Mohammed Awad, Senior Vice President and General Manager of Infrastructure Business Unit at Arm, stated that ultra large scale cloud service providers such as Alibaba, AWS, and Microsoft have all started developing their own chips, with the main goal of maximizing the performance and efficiency of each chip and achieving optimal optimization. They will personalize around servers, racks, and even their own data centers based on their own use cases and workloads. With the development of technologies such as GPTs, the amount of data and computation will only continue to increase. By customizing chips, manufacturers can optimize and support continuously increasing amounts of data and computation.

Reducing costs may also be a practical consideration for major giants. According to Bernstein analyst Stacy Rasgon's analysis, if ChatGPT's query size grows to one tenth of Google's search, it would initially require approximately $48 billion worth of GPUs and an additional $16 billion worth of chips annually to maintain operations. Faced with high operating costs, self-developed customized chips have become the unanimous choice of technology giants. Some analysts have stated that compared to using Nvidia's products, Microsoft's development of chips codenamed Athena for processing large models is expected to reduce the cost of each chip by one-third.

The future extends from the cloud to the edge

Mohamed Awad believes that in the future, more and more manufacturers will adopt customized chip solutions in the infrastructure field. Traditional server systems mostly adopt an architecture pattern where one CPU connects multiple accelerators through a standard bus. But in the era of AI, such an architecture is no longer able to meet the growing demand for data and computing, as it cannot obtain sufficient memory bandwidth. As a result, more and more model manufacturers are choosing to customize chips in order to flexibly adjust chip architectures and rebuild systems.

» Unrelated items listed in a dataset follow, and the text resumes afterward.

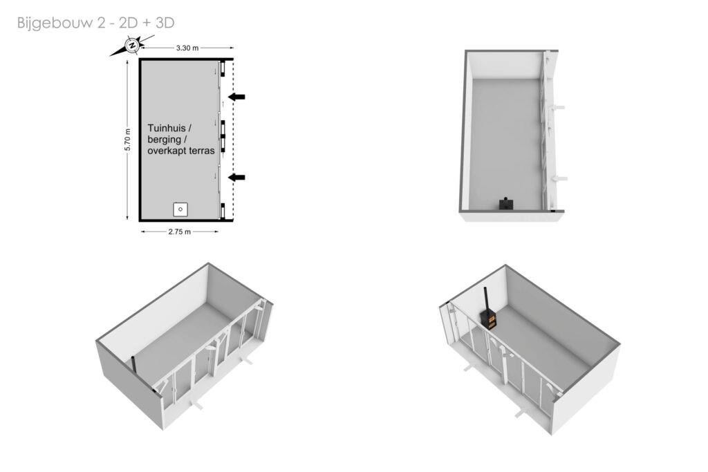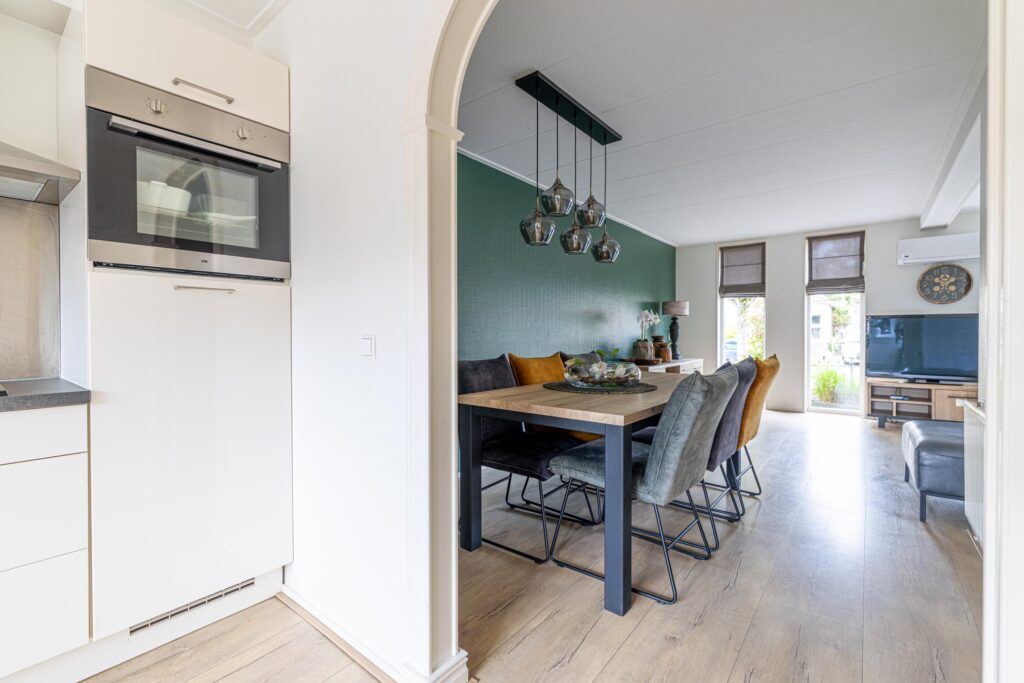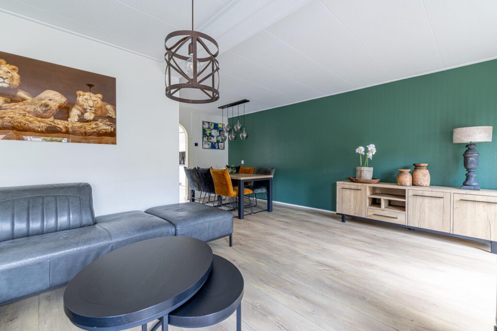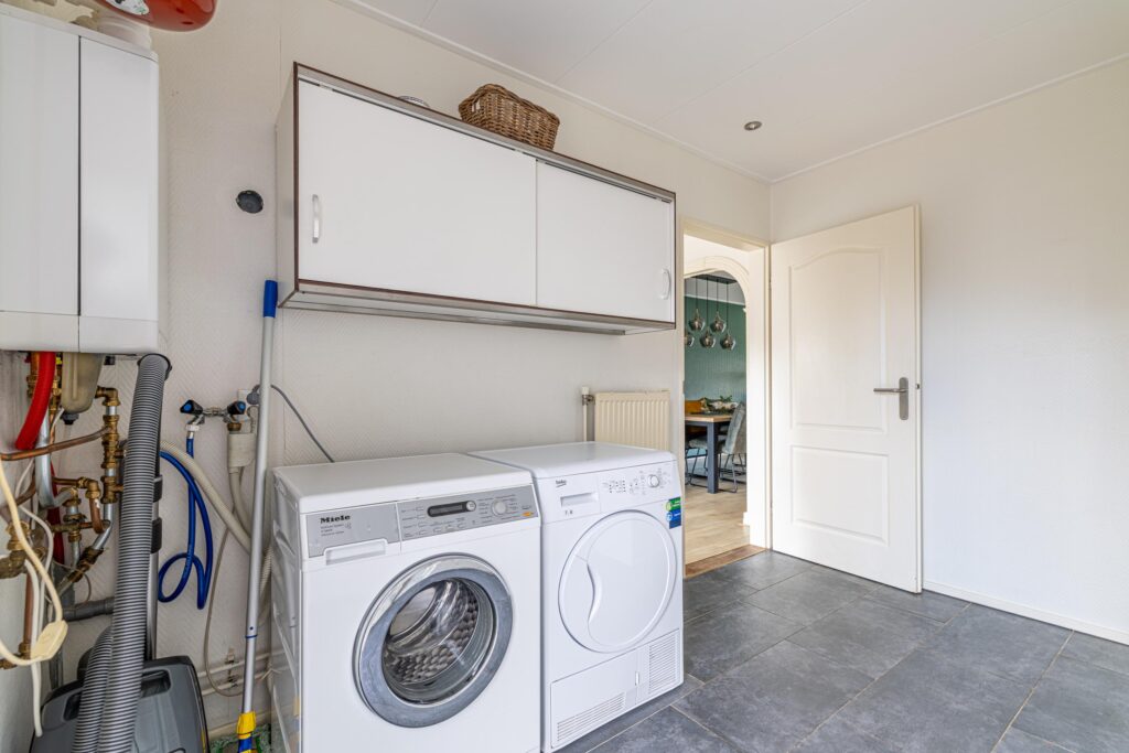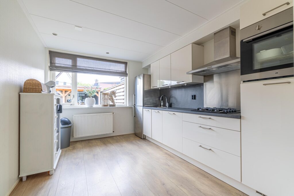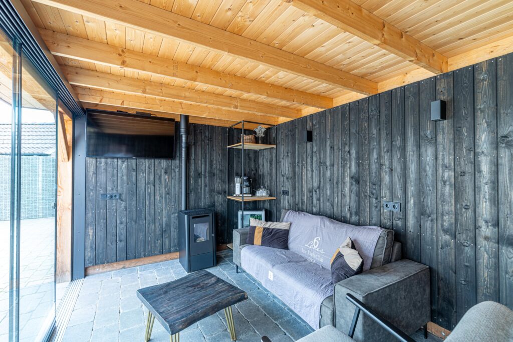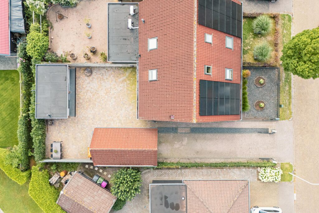 Daarnaast heeft de woning nog een vrijstaande houten garage die ruimte biedt voor fietsen, gereedschap of hobby’s en een achtertuin met een overkapping. Deze overkapping heeft een glazen pui en een pelletkachel.
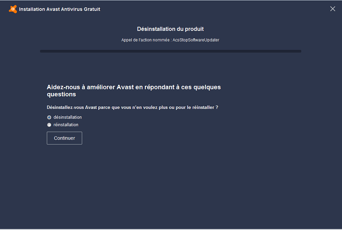 Lorsque l’assistant d’installation d’Avast apparaît, cliquez sur Désinstaller.
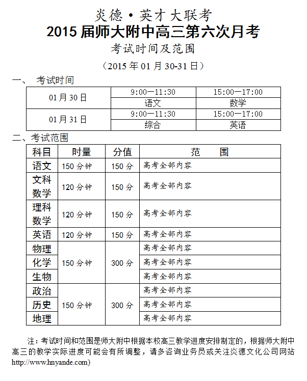 炎德英才大聯(lián)考師大附中2015屆高三第6次月考考試時(shí)間和范圍(2015.01.30-31)
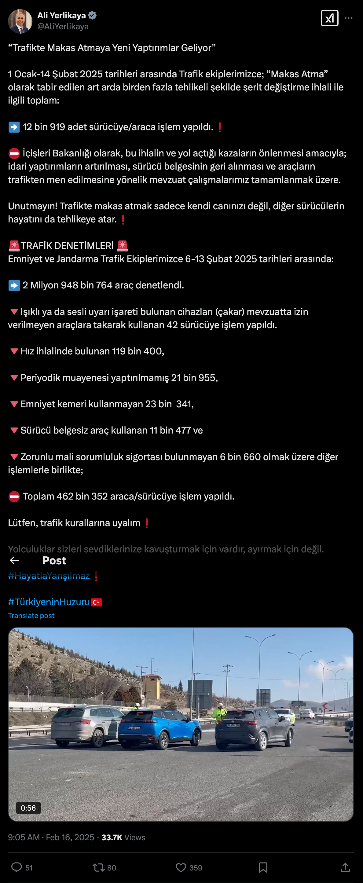 İçişleri Bakanı Ali Yerlikaya, makas atanlara yönelik idari yaptırımların artırılması, sürücü belgesinin geri alınması ve araçların trafikten men edilmesine yönelik çalışmalarda sona gelindiğini söyledi. İçişleri Bakanı Ali Yerlikaya, trafik denetimlerine ilişkin sosyal medya hesabından paylaşımda bulundu. Bakan Yerlikaya, 1 Ocak-14 Şubat 2025 tarihleri arasında trafik ekiplerinin “makas atma” olarak tabir edilen art arda birden fazla tehlikeli şekilde şerit değiştirme ihlali ile ilgili toplam 12 bin 919 adet sürücüye/araca işlem yapıldığını duyurdu. Yerlikaya trafikte makas atanlara yönelik yeni yaptırımlar geleceğini vurgulayarak şunları aktardı: "İçişleri Bakanlığı olarak, bu ihlalin ve yol açtığı kazaların önlenmesi amacıyla; idari yaptırımların artırılması, sürücü belgesinin geri alınması ve araçların trafikten men edilmesine yönelik mevzuat çalışmalarımız tamamlanmak üzere. Unutmayın. Trafikte makas atmak sadece kendi canınızı değil, diğer sürücülerin hayatını da tehlikeye atar." Bir haftada yaklaşık 3 milyon araç denetlendi Bakan Yerlikaya 6-13 Şubat tarihleri arasındaki verilere ilişkin de şu bilgileri paylaştı: "2 milyon 948 bin 764 araç denetlendi. Işıklı ya da sesli uyarı işareti bulunan cihazları (çakar) mevzuatta izin verilmeyen araçlara takarak kullanan 42 sürücüye işlem yapıldı. Hız ihlalinde bulunan 119 bin 400, periyodik muayenesi yaptırılmamış 21 bin 955, emniyet kemeri kullanmayan 23 bin 341, sürücü belgesiz araç kullanan 11 bin 477 ve zorunlu mali sorumluluk sigortası bulunmayan 6 bin 660 olmak üzere diğer işlemlerle birlikte toplam 462 bin 352 araca/sürücüye işlem yapıldı." [news_id:762074]

In fact, customized chips are not unfamiliar to major technology manufacturers. Amazon Cloud Technology began designing custom AI chips in 2018, launching its self-developed AI inference chip Inferentia, and in 2023, launching an iterative version of Inferentia 2, which will triple computing performance. Recently, Amazon Cloud Technology released the training chip Traineum2. The previous generation product Training was launched at the end of 2020. Google has an earlier history of custom chips. In 2020, Google actually deployed the artificial intelligence chip TPU v4 in its data center. At present, Google has transferred its engineering team responsible for AI chips to Google Cloud, aiming to enhance Google Cloud's ability to develop AI chips.

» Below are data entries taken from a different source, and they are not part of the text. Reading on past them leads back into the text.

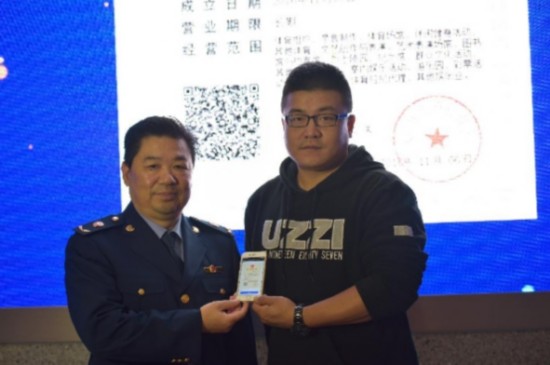 陜西省工商局王吉德局長頒發(fā)首張微信版電子營業(yè)執(zhí)照
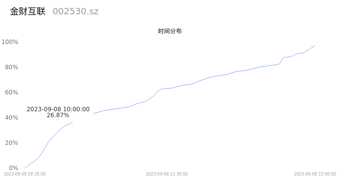 002530金财互联2023年09月08日成交13.46万手,成交金额1.03亿元,相较昨日缩量8.57万手,换手率1.98%,成交清淡。
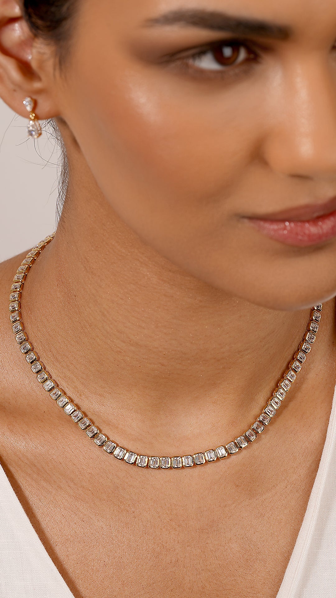 Let your jewellery do the talking. The Cassidy necklace is a beautiful statement piece comprised of a row of sophisticated bezel-set Emerald cuts - the cut of choice of celebrities such as Angelina Jolie and Beyoncé. Complete with a slider closure for an adjustable length. Pair with other pieces from the Cassidy collection.
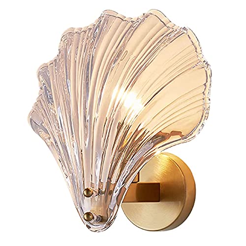 HJXDtech Applique da Parete Moderna in Cristallo Conchiglia Lampada da Parete in Metallo Ottone Illuminazione da Parete in Vetro per Cuarto Sala Cuarto de baño (Ambra)
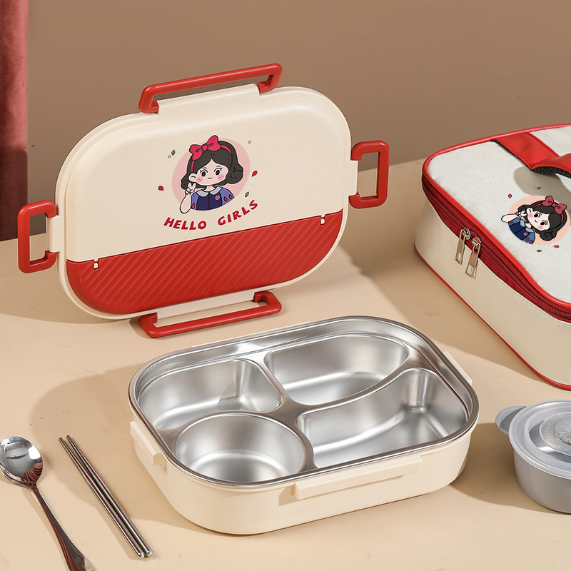 girl 4 grid 1550ml + chopstick and spoon + soup bowl + bag

When it comes to the future development of the customized chip market, relevant experts point out that with the promotion of popular applications such as AI models and automobiles, the customized chip market will further expand. Currently, automotive manufacturers such as Tesla have invested in the development and commercialization of customized chips. In the future, customized chips will extend from cloud computing, HPC to edge computing. Although these applications can be processed through general-purpose chips, chips tailored to specific workloads can achieve performance or functional optimization at better cost and power efficiency, better meeting requirements. Experts also indicate that this trend is not very favorable for general chip manufacturers. But for other manufacturers in the IC industry chain, such as EDA manufacturers, IP manufacturers, and wafer foundries, it is a good thing.